_TASK BRIEF_
Pictures are not part of the answer. Write out exactly the lines from the one containing "이 외에도 ▲‘부산이즈굿(busan" through the end of the material below.

_INPUT DATA_
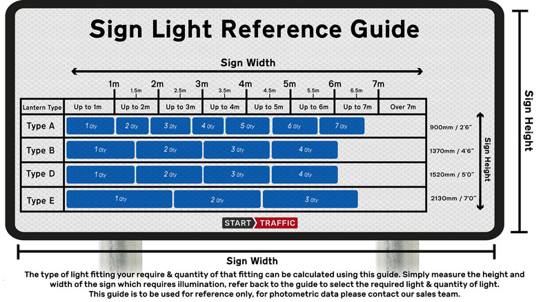 The light output of the lamp is perfect for use on signs up to 1370mm tall. For smaller signs up to 1.5m wide a single lamp unit should be sufficient, for larger use cases multiple lamps can be installed. Please see the sign light reference guide at the bottom of this page to help you work out which light you need.
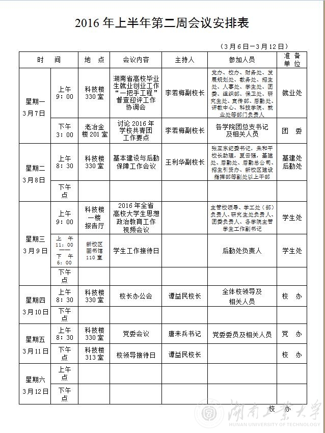 2016年上半年第二周会议安排表
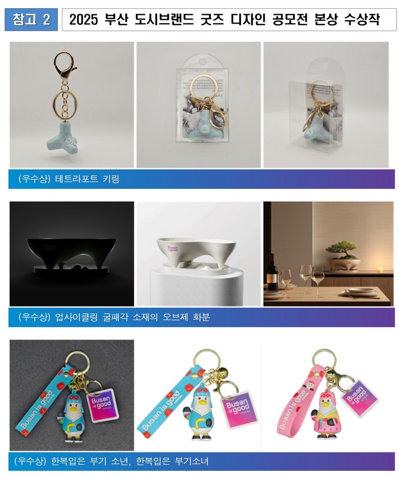 이 외에도 ▲‘부산이즈굿(busan is good)’ 오브제 화분 ▲테트라포트 열쇠고리(키링) ▲한복 입은 ‘부기’ 열쇠고리(키링) 등 작품성이 돋보이는 상품이 우수상으로 뽑혔다.
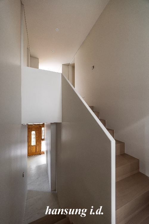 방배동 주택의 현관은 길고 좁은 구조를 그대로 살리면서도 공간이 답답하게 느껴지지 않도록 설계했습니다.벽과 천장을 진한 베이지 톤으로 마감해 높은 층고가 더욱 부각되도록 했으며, 1200×1200 대형 타일로 바닥의 스케일을 정돈하고 차분하고 단단한 첫인상을 완성했습니다.복도를 지나 마주하게 되는 계단실은 벽·천장과 동일한 매스로 이어지는 솔리드한 난간으로 하나의 조형처럼 느껴지도록 구성했습니다. 계단 상부에는 베를린에서 공수한 Kaspar Müller 작가의 오브제 조명을 설치해 은은한 포인트를 더해주었습니다.현관을 지나 이어지는 복도는 이번 프로젝트에서 공간의 흐름을 이어주는 중심 동선으로 계획했습니다. 길게 뻗은 구조를 단점으로 두지 않고, 시선이 자연스럽게 이어지도록 벽과 천장을 동일한 베이지 톤으로 정리해 단독주택 특유의 깊이감을 살렸습니다. 한쪽 벽면에는 수납장을 매립 시공해 돌출 없이 정돈된 인상을 유지했고, 중앙에는 트라버틴 패턴의 니치를 더해 간접조명과 함께 공간에 입체감을 부여했습니다.

_SOLUTION FOR THIS TASK_
 이 외에도 ▲‘부산이즈굿(busan is good)’ 오브제 화분 ▲테트라포트 열쇠고리(키링) ▲한복 입은 ‘부기’ 열쇠고리(키링) 등 작품성이 돋보이는 상품이 우수상으로 뽑혔다.
 방배동 주택의 현관은 길고 좁은 구조를 그대로 살리면서도 공간이 답답하게 느껴지지 않도록 설계했습니다.벽과 천장을 진한 베이지 톤으로 마감해 높은 층고가 더욱 부각되도록 했으며, 1200×1200 대형 타일로 바닥의 스케일을 정돈하고 차분하고 단단한 첫인상을 완성했습니다.복도를 지나 마주하게 되는 계단실은 벽·천장과 동일한 매스로 이어지는 솔리드한 난간으로 하나의 조형처럼 느껴지도록 구성했습니다. 계단 상부에는 베를린에서 공수한 Kaspar Müller 작가의 오브제 조명을 설치해 은은한 포인트를 더해주었습니다.현관을 지나 이어지는 복도는 이번 프로젝트에서 공간의 흐름을 이어주는 중심 동선으로 계획했습니다. 길게 뻗은 구조를 단점으로 두지 않고, 시선이 자연스럽게 이어지도록 벽과 천장을 동일한 베이지 톤으로 정리해 단독주택 특유의 깊이감을 살렸습니다. 한쪽 벽면에는 수납장을 매립 시공해 돌출 없이 정돈된 인상을 유지했고, 중앙에는 트라버틴 패턴의 니치를 더해 간접조명과 함께 공간에 입체감을 부여했습니다.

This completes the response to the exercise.